Jun 27 2011
An essential aspect of oral surgery is controlling the patient's pain following a procedure. The goal is to relieve pain and promote a rapid recovery, without opioid side effects. An initial study shows that Dyloject, a new intravenous form of the drug diclofenac, has promise for achieving these goals.
An article in the current issue of the journal Anesthesia Progress compares two intravenous nonsteroidal anti-inflammatory drugs (NSAIDs)—diclofenac and ketorolac—along with a placebo. Only ketorolac is currently approved for this usage in the United States; intravenous diclofenac was recently approved in the United Kingdom.
In this study, 353 patients were given one of these drugs or a placebo following oral surgery. This was a single-dose, randomized, double-blind, parallel group study conducted at three sites. The patients had undergone surgical extraction of one or more third molars, which typically leads to moderate to severe pain.

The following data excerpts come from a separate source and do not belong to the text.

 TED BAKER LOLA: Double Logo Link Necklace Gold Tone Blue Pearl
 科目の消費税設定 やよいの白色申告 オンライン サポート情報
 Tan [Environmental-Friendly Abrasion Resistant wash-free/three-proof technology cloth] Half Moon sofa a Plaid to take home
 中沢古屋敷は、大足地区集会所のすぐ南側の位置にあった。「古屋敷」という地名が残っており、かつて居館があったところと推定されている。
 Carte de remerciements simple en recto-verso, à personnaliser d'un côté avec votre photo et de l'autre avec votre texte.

The procedure creates a challenge for pain control and an opportunity to evaluate analgesics.
Total pain relief over 6 hours, as measured by the visual analog scale, was considered the endpoint for this study. Other indicators of efficacy researched included measures of pain intensity and relief, and time to pain relief. Adverse effects were also monitored and found to be minimal.
Intravenous diclofenac was given in five different dosages, ranging from 3.75 mg to 75 mg, while ketorolac was given in a 30-mg dose. The study sought to define the minimum dose of intravenous diclofenac that gave an analgesic effect noticeably different from the placebo. In meeting the endpoint of 6-hour pain relief, diclofenac rated better than the placebo in all but the lowest dosage.

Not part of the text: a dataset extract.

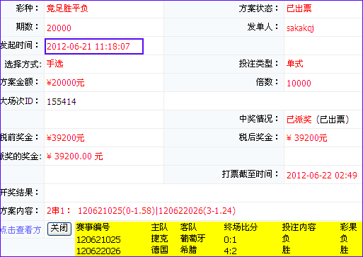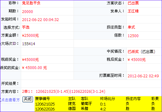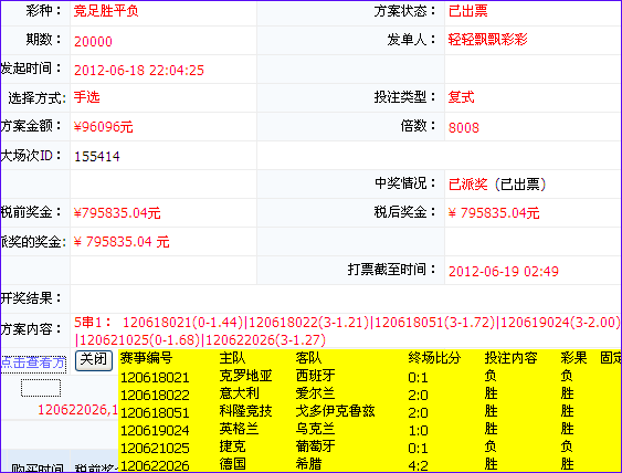 北京时间23日凌晨,随着德国战车4-2屠杀希腊,紧随葡萄牙杀入2012欧洲杯四强。本站多位重砸该两场比赛2串1的用户终于可以轻轻松松、开开心心的坐收大奖。而其中近来中奖势头极其恐怖的用户轻轻飘飘以一张倍投8008倍的5串1容错单狂揽79万,气场之强大让人瞠目结舌!

This research found that intravenous diclofenac worked more quickly than ketorolac. A significantly higher proportion of patients given intravenous diclofenac reported 30% or greater pain relief after 5 minutes compared with those given ketorolac or the placebo.
The findings indicate additional clinical benefit from the use of intravenous diclofenac. Larger scale trials in more diverse populations are needed and, should they confirm the findings of this study, have the potential to improve the safety and efficacy of postoperative NSAID analgesia.